Notice that all of the rows from the original #dbsnp#
table are included this time, but in the case of the first row, the distance is now equal to 2, which is how far outside of the exact match that row is.
Verifying genomic order¶
If we are joining multiple tables and rearranging the columns in our result set, it can sometimes occur that the genomic order is violated in the GOR output. In these cases, the VERIFYORDER command can be used to check the genomic order of the GOR output. If the command is added to the end of a GOR query, it will throw an exception if the genomic order of the GOR stream is violated.

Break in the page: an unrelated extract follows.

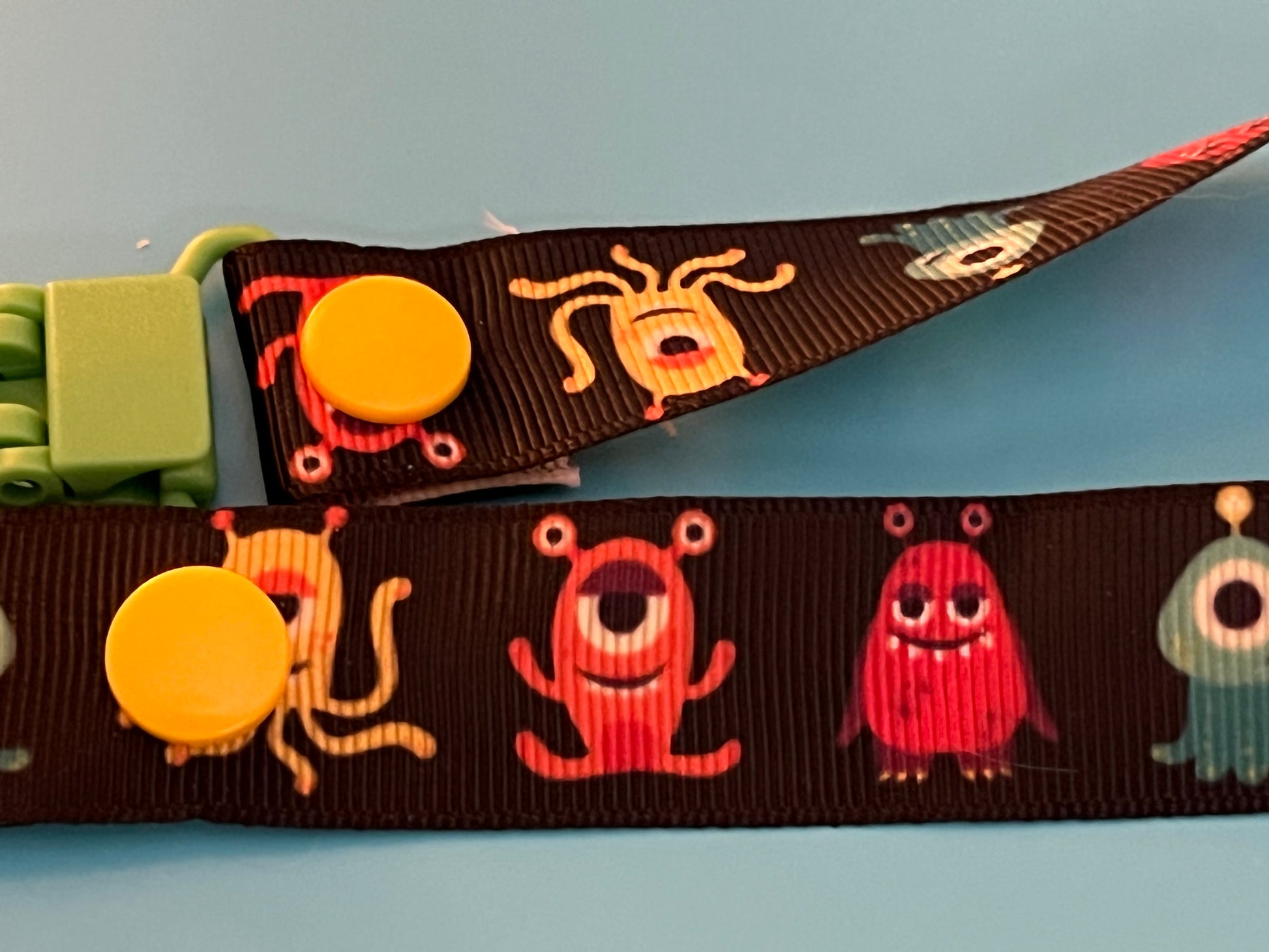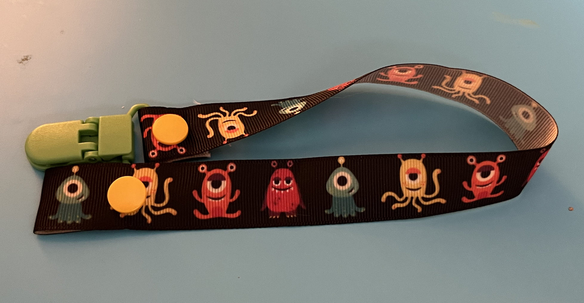 This is a pacifier clip made from grosgrain ribbon. It has a pattern of monsters. If you want the clip and/or snaps a certain color, please tell me, as they are usually chosen at random.

If there is a problem with the genomic order of a GOR stream, it can be useful to use the SORT command to correct the violated order.
Joins in NOR¶
As we discussed at the beginning of this manual, when we are working with files in a NOR context, we cannot rely on genomic-ordered data to join tables. Joins in NOR queries are performed using the MAP and MULTIMAP commands, which are discussed in the following chapter on Map and Multimap.